▶ [Action item]
What you output must be the exact lines from the first line of the data through the one holding "the calibration point", with no pictures.

▶ [Records to use]
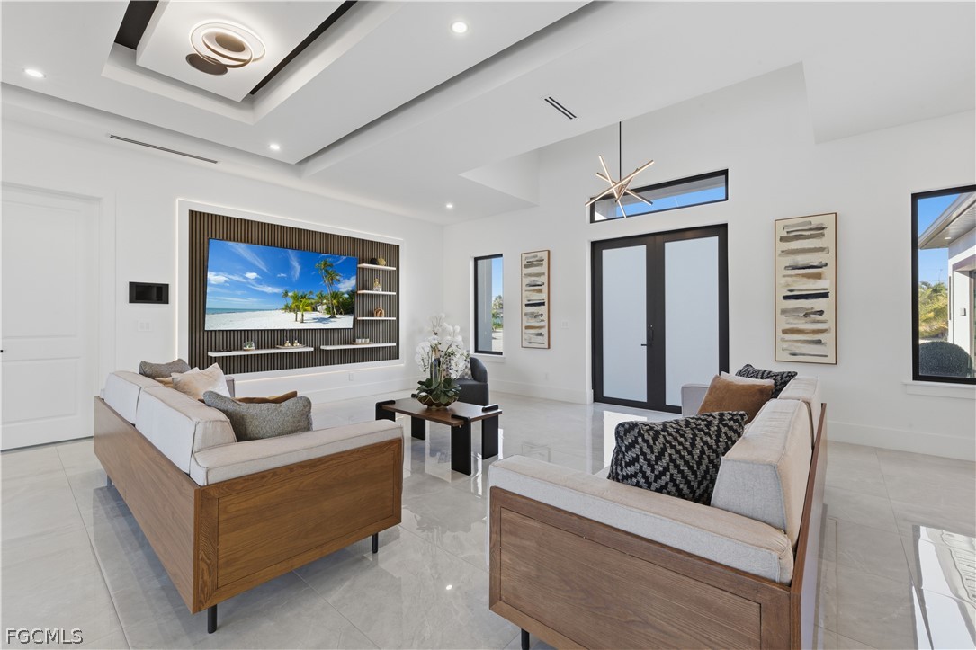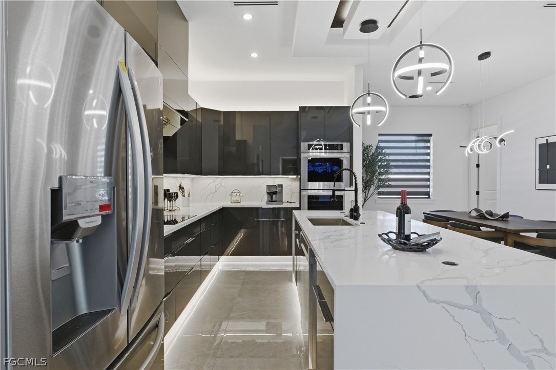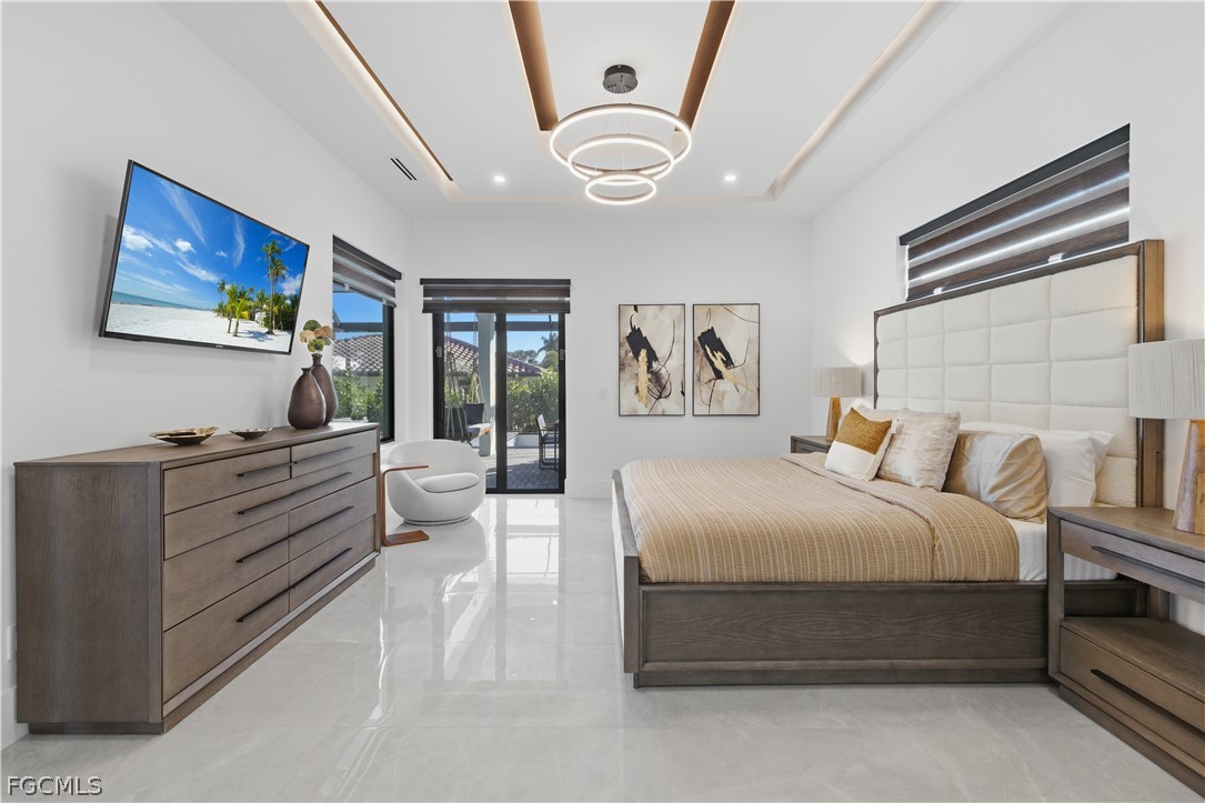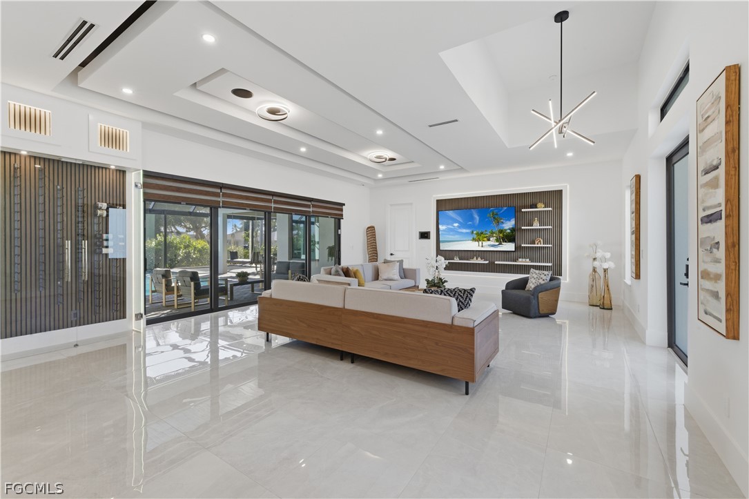 Inside, soaring tray ceilings, gorgeous designer lighting throughout, and an abundance of natural light create an airy, upscale atmosphere. Zebra blinds add both style and convenience, while the tiled garage elevates even the functional spaces of the home. Every detail has been carefully selected to create a refined yet welcoming feel.
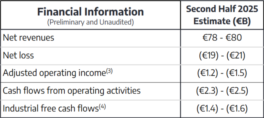 Stellantis 2月6日发布财务公告,表示2025下半年预计亏损1558.65-1722.72亿人民币(190-210亿欧元)。
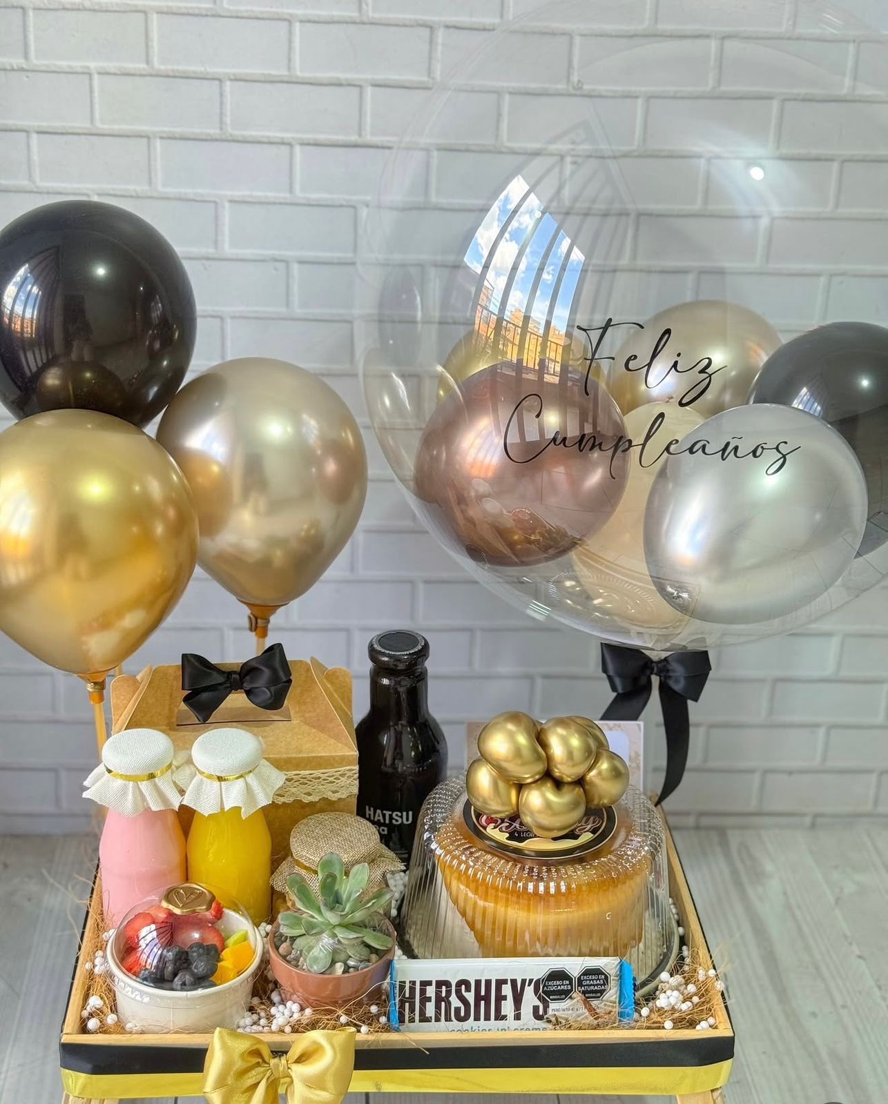 Contiene: Jugo natural - Yogurt de fresa - Torta mediana - Mix de frutas - Chocolates M&M's o Hersheys - Frutos secos - Sandwhich de polllo - Té hatsu - Planta - Decoraciòn de caja, globos reflex y globo burbuja
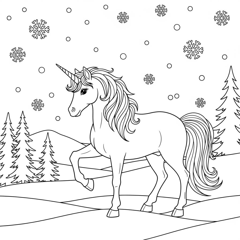 Nel regno incantato di Eldoria, un unicorno di nome Lumen passeggiava attraverso un paesaggio ricoperto di scintillanti fiocchi di neve. Ad ogni passo, la sua criniera brillava alla luce del sole, riflettendo i colori dell'arcobaleno. Mentre camminava, Lumen osservava le piccole creature della foresta che si divertivano nella neve, costruendo bambole e giocando. All'improvviso cominciò a cadere una tempesta di neve, ricoprendo ogni cosa con un soffice manto bianco. L'unicorno ha deciso di usare la sua magia per creare uno spettacolo di luci, illuminando il cielo e trasformando la tempesta in una magica danza di fiocchi di neve, dove tutti potevano unirsi ai festeggiamenti.
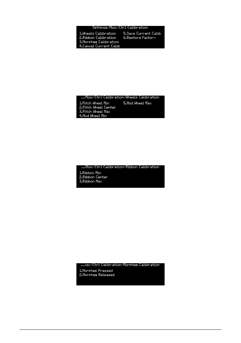 the calibration point for that wheel. To calibrate Pitch Wheel Center, return the Pitch wheel
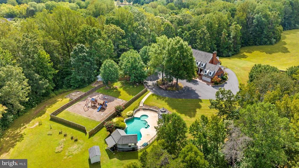 Nearly 24 acres in the heart of Fredericksburg… a rarity that simply does not exist on today’s market. Once historic farmland, this extraordinary estate blends unmatched acreage, equestrian potential, and nearly 9,000 square feet of refined living space—all just minutes from Route 3, shopping, dining, and Downtown Fredericksburg. Fenced paddocks already in place invite horses or livestock, and a massive detached building with running water and a half bath offers versatility as a workshop, RV/auto garage, or an easy conversion to a stable with stalls. The grounds are fully fenced with a decorative black security gate, tree-lined approach, and a circular drive anchored by a shaded gazebo—an arrival as grand as it is private. Rows of pear and holly trees line the entry, setting the stage for this remarkable estate. Outdoors, a resort-style 28,000-gallon saltwater pool with waterfall, Ultralock solid cover (installed 2024), and newer filter/pump (2023) anchors the backyard. An adjacent pool house with kitchenette and bath makes entertaining effortless. Next to the pool, a massive fenced playground area includes a whimsical miniature “dollhouse” and additional storage shed. Within the wooded half of the property, a gently trickling creek runs along the side of the home out to River Road—serenity at its finest. This home is as efficient as it is luxurious: powered by 40+ solar panels and backed by a 60kw whole-house generator on its own gas supply. Five HVAC systems (three recently updated) service the residence. Inside, charm meets scale: seven bedrooms, six baths, gleaming honey-colored hardwoods, and light-filled gathering spaces. The main level wows with a chef’s kitchen featuring granite counters, hardwood cabinetry, stainless appliances (including a double oven and flat cooktop), and a stone-draped fireplace. Off the kitchen, enjoy ample storage, laundry with utility sink, and an additional half bath. The lavish main-level primary suite showcases custom wallpaper, abundant light, large closets, and a spa-like ensuite with dual vanities, soaking tub, and walk-in shower. Flexibility abounds with a private suite over the garage (office/bedroom, hardwood floors, and its own HVAC system), four additional bedrooms and two full baths upstairs—including a Jack-and-Jill bath set-up—and two more bedrooms with another full bath on the top floor. A finished basement offers a large open living space, two generous storage rooms, and double doors that open to a quiet patio. This estate is more than a residence—it’s a once-in-a-lifetime opportunity to own a legacy property with acreage, equestrian infrastructure, and resort amenities, all in a location where land of this scale is nearly impossible to find. 12620 Chewning Lane is where luxury, history, and convenience converge.
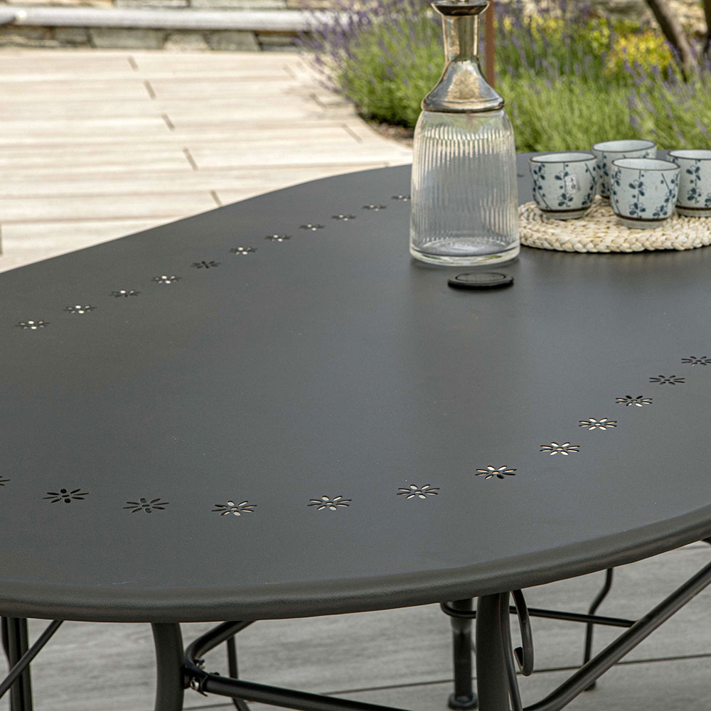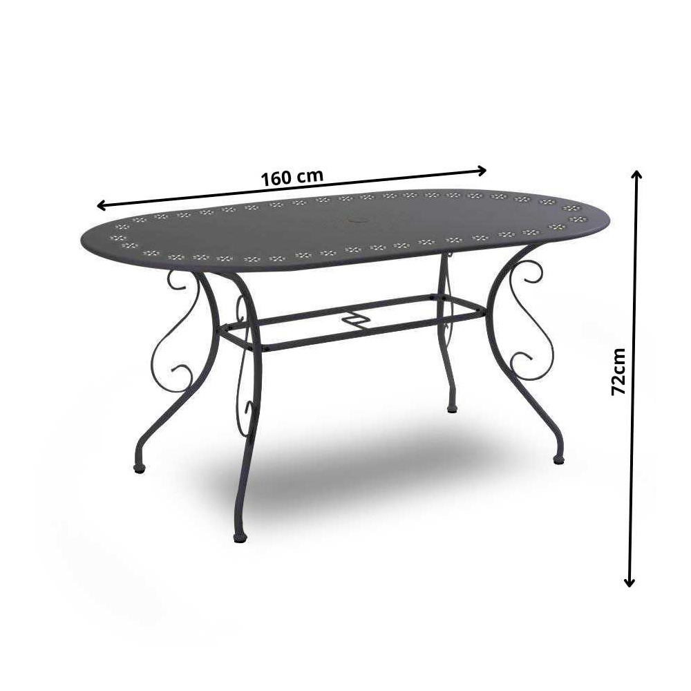 Dette ovale metalbord er et perfekt valg for dem, der gerne vil kombinere det praktiske med stilen. Med sit robuste stel og elegante, buede ben er det et ideelt mødested for hyggelige stunder udendørs.
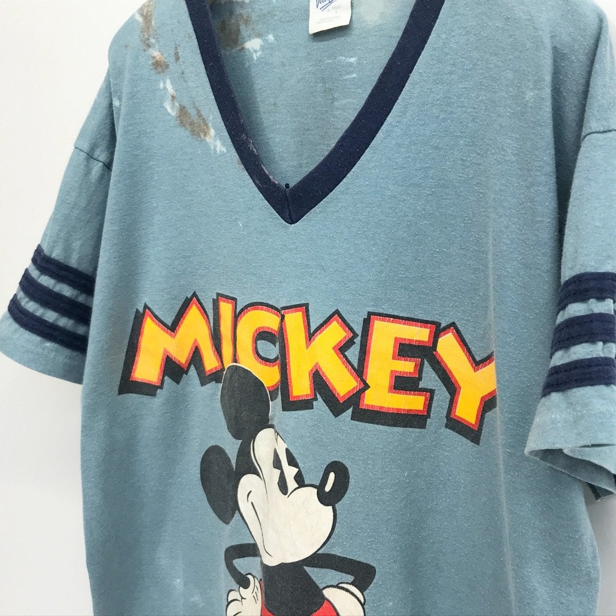 ベルバシーン 90年代 USA製 DISNEY MICKEY ミッキー フットボールTシャツ ブルーグレー ML 半袖 タグ
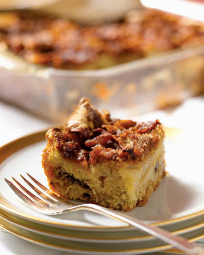 Transfer cake to oven and bake until the sides of the cake pull away from the baking dish very slightly and topping begins to caramelize, about 1 hour and 15 minutes. Remove cake from oven and let stand for several hours until completely cool, before cutting. Keep cake covered tightly with plastic wrap for up to 2 days, as the flavor improves with age.
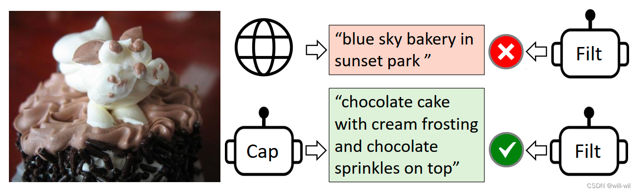 论文采用标题和过滤策略(Captioning and Filtering, CapFilt)来提高文本语料库的质量,包含了两个模块:一个是给定网络图像生成字幕的Captioner,另一个是去除噪声图像-文本对的Filter。
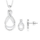 Elevate your style and love in a different way with this moissanite infinity jewelry set. This stunning jewelry set contains a sparkling moissanite infinity pendant and infinity stud earrings. The pendant features a round moissanite gemstone encased in a graceful infinity symbol, while the earrings feature matching moissanite stones in a pave setting. This is the perfect way to show your love and commitment to your partner.
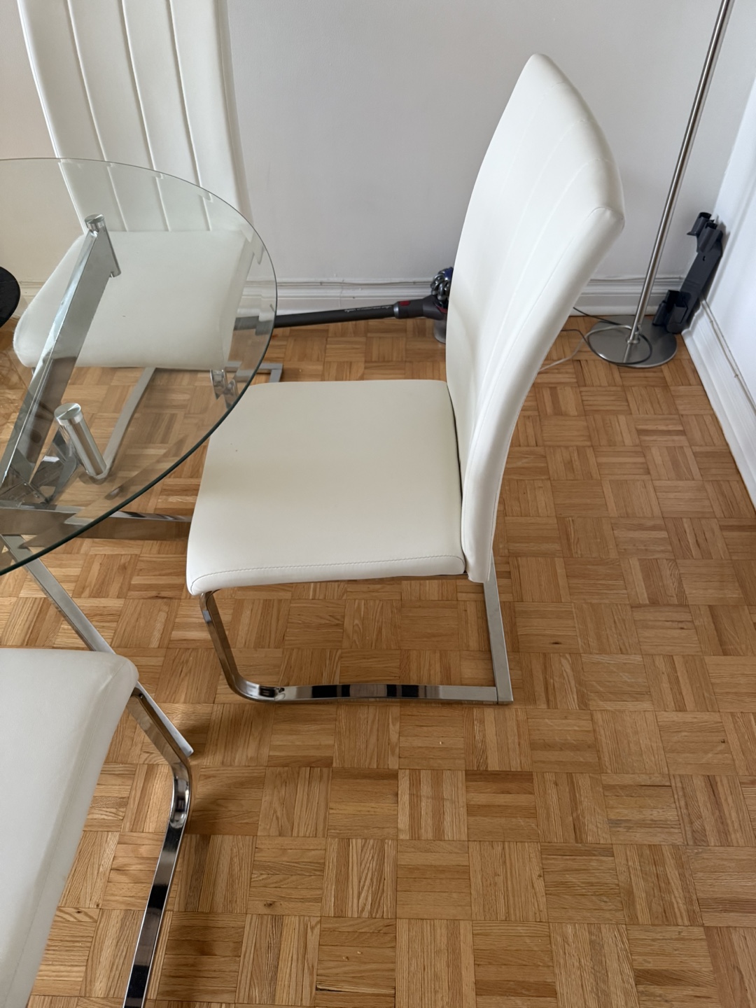 • 4 white faux leather chairs with chrome cantilever legs
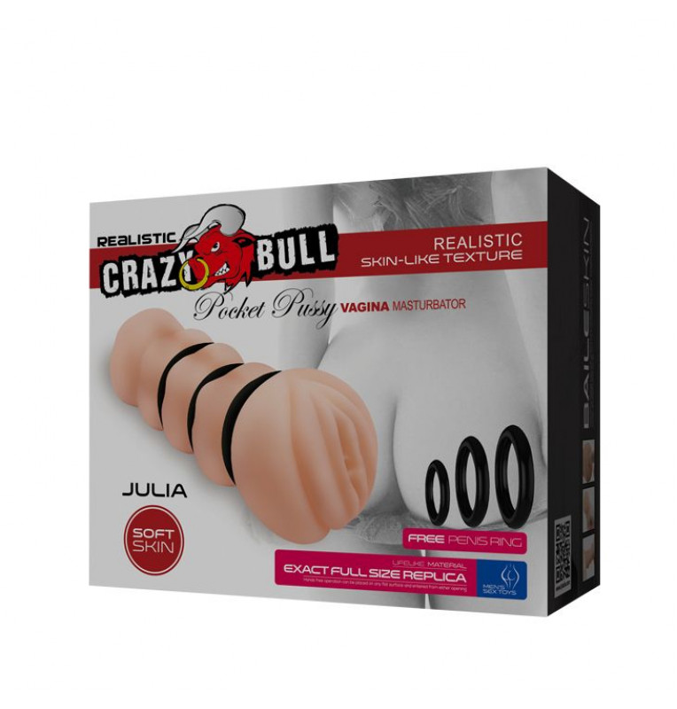 Тугой мастурбатор с кольцами Julia. Рельефный тоннель. Ультра реалистичный материал.

▶ [Result below]
 Inside, soaring tray ceilings, gorgeous designer lighting throughout, and an abundance of natural light create an airy, upscale atmosphere. Zebra blinds add both style and convenience, while the tiled garage elevates even the functional spaces of the home. Every detail has been carefully selected to create a refined yet welcoming feel.
 Stellantis 2月6日发布财务公告,表示2025下半年预计亏损1558.65-1722.72亿人民币(190-210亿欧元)。
 Contiene: Jugo natural - Yogurt de fresa - Torta mediana - Mix de frutas - Chocolates M&M's o Hersheys - Frutos secos - Sandwhich de polllo - Té hatsu - Planta - Decoraciòn de caja, globos reflex y globo burbuja
 Nel regno incantato di Eldoria, un unicorno di nome Lumen passeggiava attraverso un paesaggio ricoperto di scintillanti fiocchi di neve. Ad ogni passo, la sua criniera brillava alla luce del sole, riflettendo i colori dell'arcobaleno. Mentre camminava, Lumen osservava le piccole creature della foresta che si divertivano nella neve, costruendo bambole e giocando. All'improvviso cominciò a cadere una tempesta di neve, ricoprendo ogni cosa con un soffice manto bianco. L'unicorno ha deciso di usare la sua magia per creare uno spettacolo di luci, illuminando il cielo e trasformando la tempesta in una magica danza di fiocchi di neve, dove tutti potevano unirsi ai festeggiamenti.
 the calibration point for that wheel. To calibrate Pitch Wheel Center, return the Pitch wheel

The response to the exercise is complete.